Editorial

Get Behind the Posters And Flyers

  • Graphic David Barlow Krelina

I just took a sip from a water fountain in the Hall building. Before I leaned down to take the sip, a bulletin board caught my eye.

It was sloppily covered in a blur of a dozen of the same poster, all saying the exact same thing.

As I leaned down to drink freely from the tap, I noticed a posters edge that was peeking over and into the water fountain.

It was a campaign for a Water Bottle Free Campus.

It caught my eye because it shocked me. It surprised me. Walking back to the office here, at The Link, it stayed with me and I thought about it. Do I want a bottle water free campus? Do you?

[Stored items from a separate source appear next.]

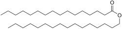 Hexadecyl hexadecanoate, also known as cetyl palmitate, is the ester derived from hexadecanoic acid and 1-hexadecanol. This white waxy solid is the primary constituent of spermaceti, the once highly prized wax found in the skull of sperm whales.[2] Cetyl palmitate is a component of some solid lipid nanoparticles.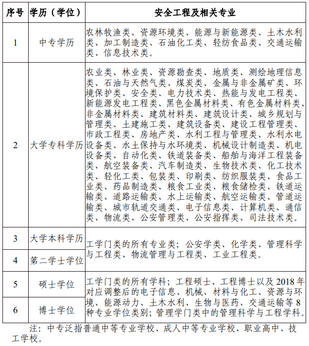 1、具有安全工程及相关专业大学专科学历,从事安全生产业务满5年;或具有其他专业大学专科学历,从事安全生产业务满6年。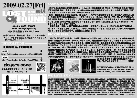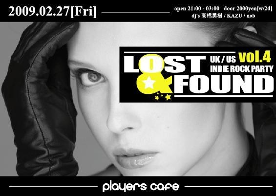 LOST & FOUND vol.4 2009/02/27[Fri]@players cafe OPEN 21:00-/DOOR 2000yen[w/2D] ☆先着20名様にDJ陣オススメの最新シングル&永遠のグッド・ソングを 収録したセレクトCD-Rをプレゼント!! DJs 高橋勇樹 / KAZU / nob よろしくお願いします☆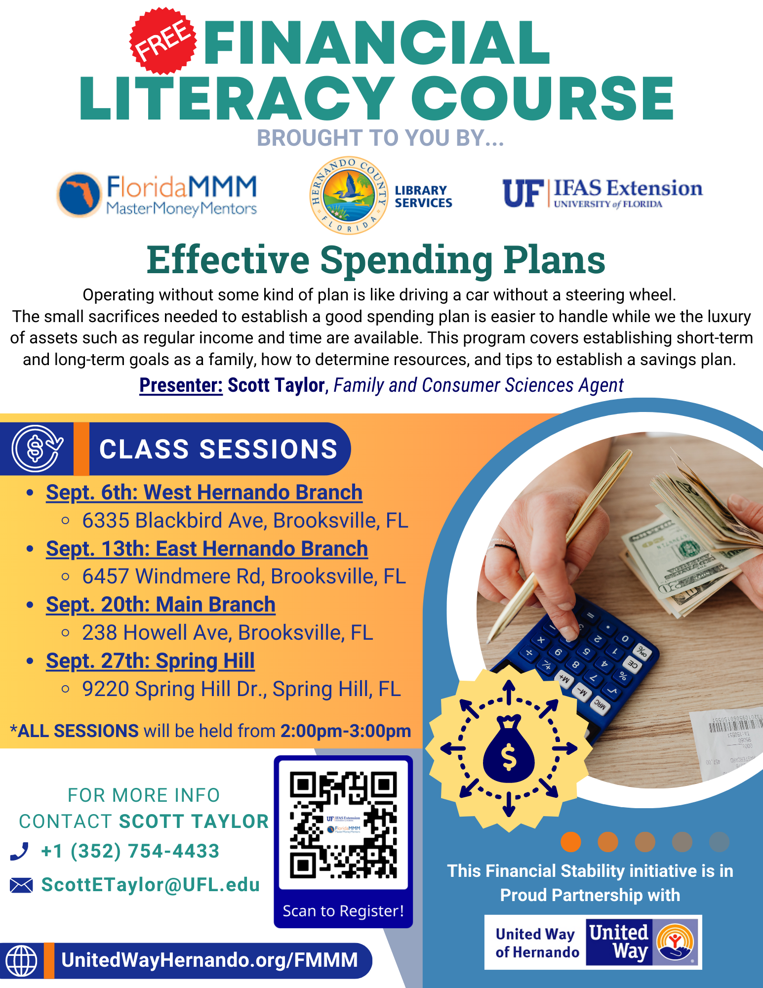 In partnership with Bank of America and with support from United Way of Hernando County, FMMM provides FREE financial support through local workshops on:

You should think about it.

This week saw every possible poster space at Concordia plastered with campaign posters. The usual and mundane device of handing out flyers to uninterested students around escalators proved to be a less-than-inspiring thing to watch, to say the least.

A member from either slate has still yet to show up at one of my creative writing workshops to reach out to me. Or actually try to talk to me somewhere other than by an escalator—that isn’t working by the way–when I am obviously headed to class.

Is this really the best that you can do, student leaders? If you really want change, you should start with your campaigning. For starters—and you know who you are—change up your layout from last year’s election poster so it’s not apparent you are the same, exact student union clones.

These campaigns aren’t all about the posters; don’t let that be all you see during this election. This campaign is also about the people behind the gloss—and speculative liberal use of Photoshop by one slate.

You don’t get a face-recognition image beside your vote. Get to know who wants your vote and ask why they deserve it. Ask what they will do with it.

Instead of spending time trying to out-campaign the other team by handing out useless pieces of paper—that are both expensive and destructive to the environment—break out of your bubble and demand that students listen to what you believe in.

It’s what you’re there for. Use your voice. Unlock your slate’s Facebook wall.

We, the students, the deciding body of politics at this school, have the power to do nothing when it comes to elections. We also have the power to do something and ensure the integrity of our student union. We have the power to ask questions that matter to us and bring up issues that are on our minds.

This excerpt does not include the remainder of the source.